#### [Data extract]
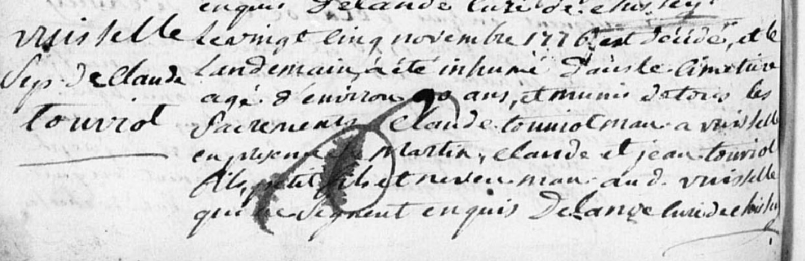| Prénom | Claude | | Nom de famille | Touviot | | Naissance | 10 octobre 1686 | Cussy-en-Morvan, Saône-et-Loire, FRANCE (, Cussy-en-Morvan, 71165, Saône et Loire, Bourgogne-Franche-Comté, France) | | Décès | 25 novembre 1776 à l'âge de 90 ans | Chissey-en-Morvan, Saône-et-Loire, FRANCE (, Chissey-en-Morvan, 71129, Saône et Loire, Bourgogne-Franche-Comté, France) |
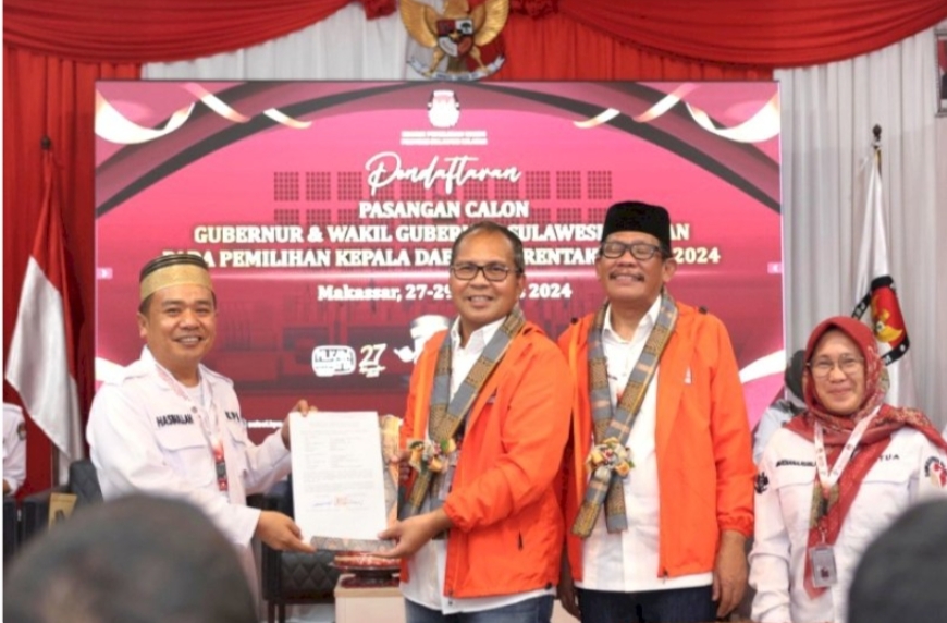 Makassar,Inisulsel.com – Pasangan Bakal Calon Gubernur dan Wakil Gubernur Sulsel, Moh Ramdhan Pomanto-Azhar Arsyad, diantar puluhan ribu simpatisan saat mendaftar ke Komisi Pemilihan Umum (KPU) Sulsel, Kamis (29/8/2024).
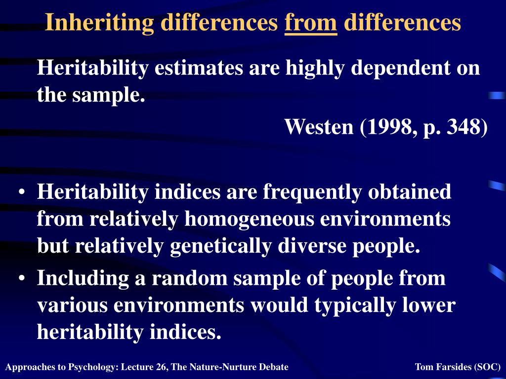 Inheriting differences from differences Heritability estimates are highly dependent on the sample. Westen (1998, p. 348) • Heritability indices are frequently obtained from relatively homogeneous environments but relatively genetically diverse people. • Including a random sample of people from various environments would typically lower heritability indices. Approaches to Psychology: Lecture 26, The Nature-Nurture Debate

#### [What to produce]
Pictures should not appear in the copy. Write out exactly the lines above from the first one through the line that contains "Makassar,Inisulsel.com – Pasangan".

#### [Task solution]
| Prénom | Claude | | Nom de famille | Touviot | | Naissance | 10 octobre 1686 | Cussy-en-Morvan, Saône-et-Loire, FRANCE (, Cussy-en-Morvan, 71165, Saône et Loire, Bourgogne-Franche-Comté, France) | | Décès | 25 novembre 1776 à l'âge de 90 ans | Chissey-en-Morvan, Saône-et-Loire, FRANCE (, Chissey-en-Morvan, 71129, Saône et Loire, Bourgogne-Franche-Comté, France) |
 Makassar,Inisulsel.com – Pasangan Bakal Calon Gubernur dan Wakil Gubernur Sulsel, Moh Ramdhan Pomanto-Azhar Arsyad, diantar puluhan ribu simpatisan saat mendaftar ke Komisi Pemilihan Umum (KPU) Sulsel, Kamis (29/8/2024).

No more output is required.